Miami Herald screen grab of mortgage-fraud victim storyToluse Olorunnipa of The Miami Herald tells a compelling story about a woman whose story of possible eviction illustrates the fraud that led to so many foreclosures. He starts the story:

“All she wanted was $50,000 from the equity in her house to help pay the bills while looking for a job in nursing. What Imogene Hall got was a brutal lesson in the sometimes shady ways of the mortgage industry.

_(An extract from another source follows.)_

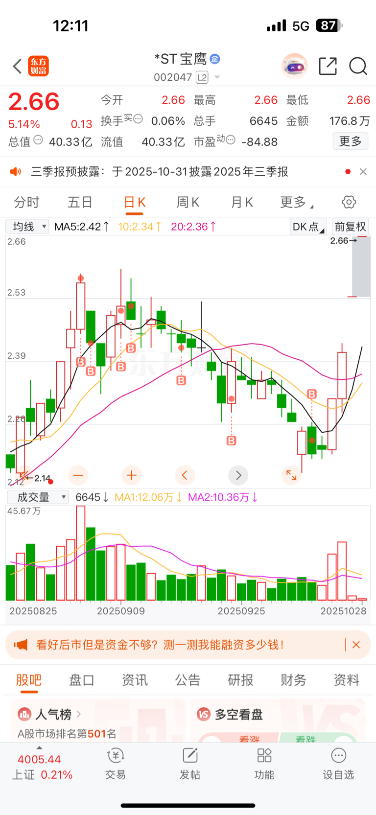 $*ST宝鹰(SZ002047)$ 只要主力不抛弃,我绝对不会卖,

It’s a lesson learned by untold numbers of homeowners in Florida, epicenter of the foreclosure crisis gripping the nation.”

In a column about the front-page story, executive editor Aminda Marques Gonzalez says Hall called Toluse after she read another mortgage-fraud story he’d written. Aminda writes:

“He jotted her name and number, then headed to the courthouse to dig up details. He went through dozens of documents, finding a connection among the cast of characters: All had been involved in a string of mortgage fraud.

Olorunnipa’s reporting found that she had been victimized at every step, from the original lender to the attorneys who were supposed to help Hall save her home.”

Today’s Tip: Create a timeline of important events for yourself, Toluse says.

 

Toluse Olorunnipa, reporter for The Miami Herald

Toluse Olorunnipa

 

“It helped me organize my thoughts and organize my story by highlighting the key moments in chronological order.”

With this story, dozens of court records were involved because of all the many players, he says. The timeline allowed him to keep track of all the moving parts, highlighting key moments in Hall’s crisis.

“This timeline turned out to be priceless as I tried to craft a story that explained the complexities of the case with an easy-to-digest narrative,” he says.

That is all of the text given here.